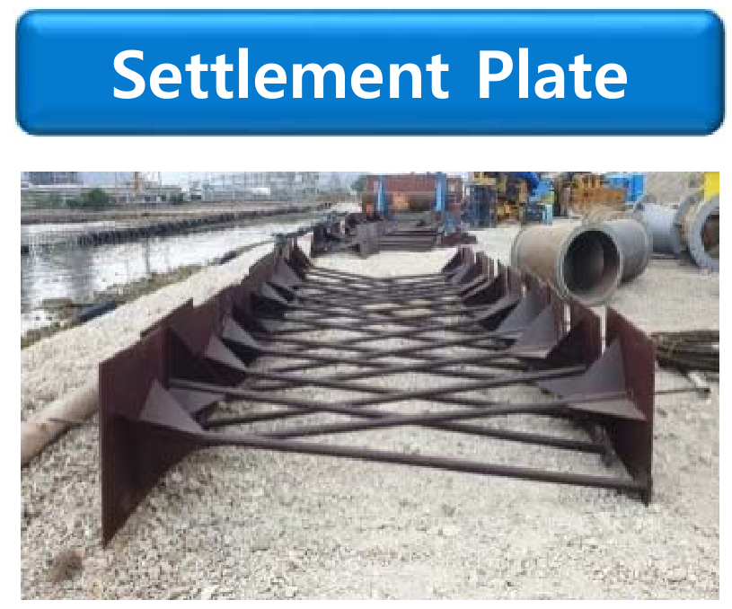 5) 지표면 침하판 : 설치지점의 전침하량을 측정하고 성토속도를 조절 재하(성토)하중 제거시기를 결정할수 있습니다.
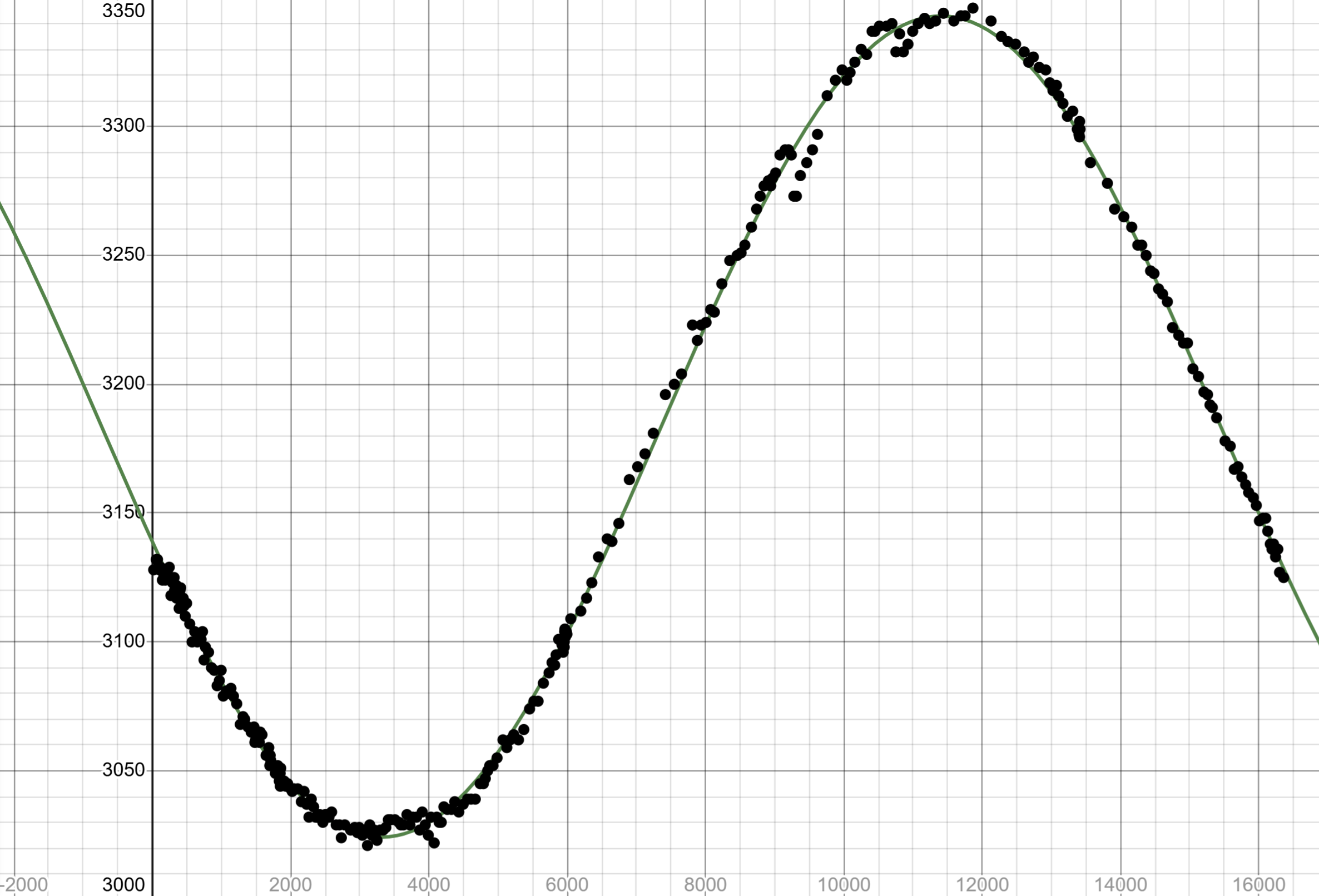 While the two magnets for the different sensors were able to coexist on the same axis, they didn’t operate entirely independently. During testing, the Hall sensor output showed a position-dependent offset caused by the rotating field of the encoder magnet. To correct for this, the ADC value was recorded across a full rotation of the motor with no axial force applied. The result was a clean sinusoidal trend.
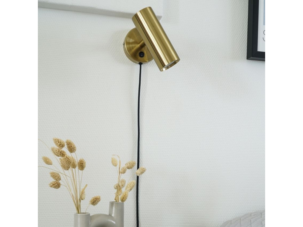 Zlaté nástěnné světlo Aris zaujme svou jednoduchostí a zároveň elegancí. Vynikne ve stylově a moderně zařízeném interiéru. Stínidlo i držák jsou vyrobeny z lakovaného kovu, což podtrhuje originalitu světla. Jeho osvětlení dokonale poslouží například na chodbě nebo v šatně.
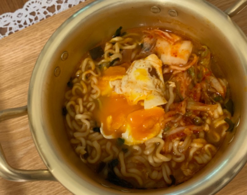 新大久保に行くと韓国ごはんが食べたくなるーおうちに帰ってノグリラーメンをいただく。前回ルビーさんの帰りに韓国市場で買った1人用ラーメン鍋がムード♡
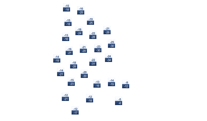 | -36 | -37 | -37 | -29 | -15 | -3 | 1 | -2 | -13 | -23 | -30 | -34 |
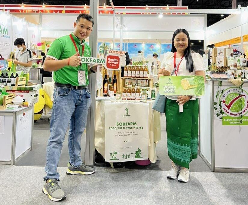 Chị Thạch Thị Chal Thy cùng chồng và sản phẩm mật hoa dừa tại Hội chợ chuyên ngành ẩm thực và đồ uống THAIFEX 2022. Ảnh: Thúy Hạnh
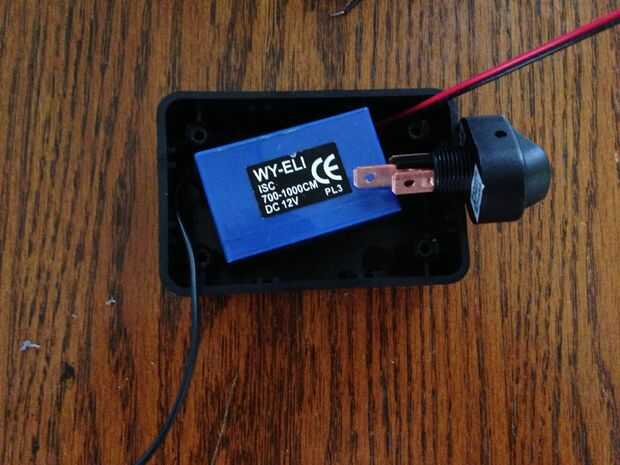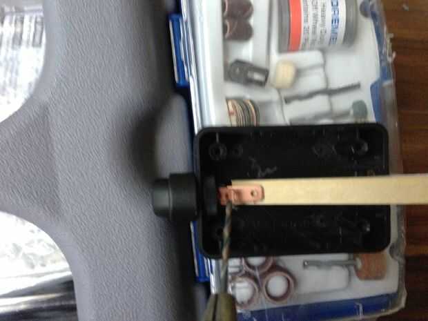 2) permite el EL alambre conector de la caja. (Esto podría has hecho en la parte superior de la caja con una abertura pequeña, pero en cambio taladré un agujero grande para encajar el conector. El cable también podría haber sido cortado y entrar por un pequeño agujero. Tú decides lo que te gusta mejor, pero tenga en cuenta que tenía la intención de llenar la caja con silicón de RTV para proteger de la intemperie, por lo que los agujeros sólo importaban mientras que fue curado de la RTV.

*Exercise requirements*
Exclude the pictures and give back the rest of the data above exactly as written.

*Solution below*
 5) 지표면 침하판 : 설치지점의 전침하량을 측정하고 성토속도를 조절 재하(성토)하중 제거시기를 결정할수 있습니다.
 While the two magnets for the different sensors were able to coexist on the same axis, they didn’t operate entirely independently. During testing, the Hall sensor output showed a position-dependent offset caused by the rotating field of the encoder magnet. To correct for this, the ADC value was recorded across a full rotation of the motor with no axial force applied. The result was a clean sinusoidal trend.
 Zlaté nástěnné světlo Aris zaujme svou jednoduchostí a zároveň elegancí. Vynikne ve stylově a moderně zařízeném interiéru. Stínidlo i držák jsou vyrobeny z lakovaného kovu, což podtrhuje originalitu světla. Jeho osvětlení dokonale poslouží například na chodbě nebo v šatně.
 新大久保に行くと韓国ごはんが食べたくなるーおうちに帰ってノグリラーメンをいただく。前回ルビーさんの帰りに韓国市場で買った1人用ラーメン鍋がムード♡
 | -36 | -37 | -37 | -29 | -15 | -3 | 1 | -2 | -13 | -23 | -30 | -34 |
 Chị Thạch Thị Chal Thy cùng chồng và sản phẩm mật hoa dừa tại Hội chợ chuyên ngành ẩm thực và đồ uống THAIFEX 2022. Ảnh: Thúy Hạnh
 2) permite el EL alambre conector de la caja. (Esto podría has hecho en la parte superior de la caja con una abertura pequeña, pero en cambio taladré un agujero grande para encajar el conector. El cable también podría haber sido cortado y entrar por un pequeño agujero. Tú decides lo que te gusta mejor, pero tenga en cuenta que tenía la intención de llenar la caja con silicón de RTV para proteger de la intemperie, por lo que los agujeros sólo importaban mientras que fue curado de la RTV.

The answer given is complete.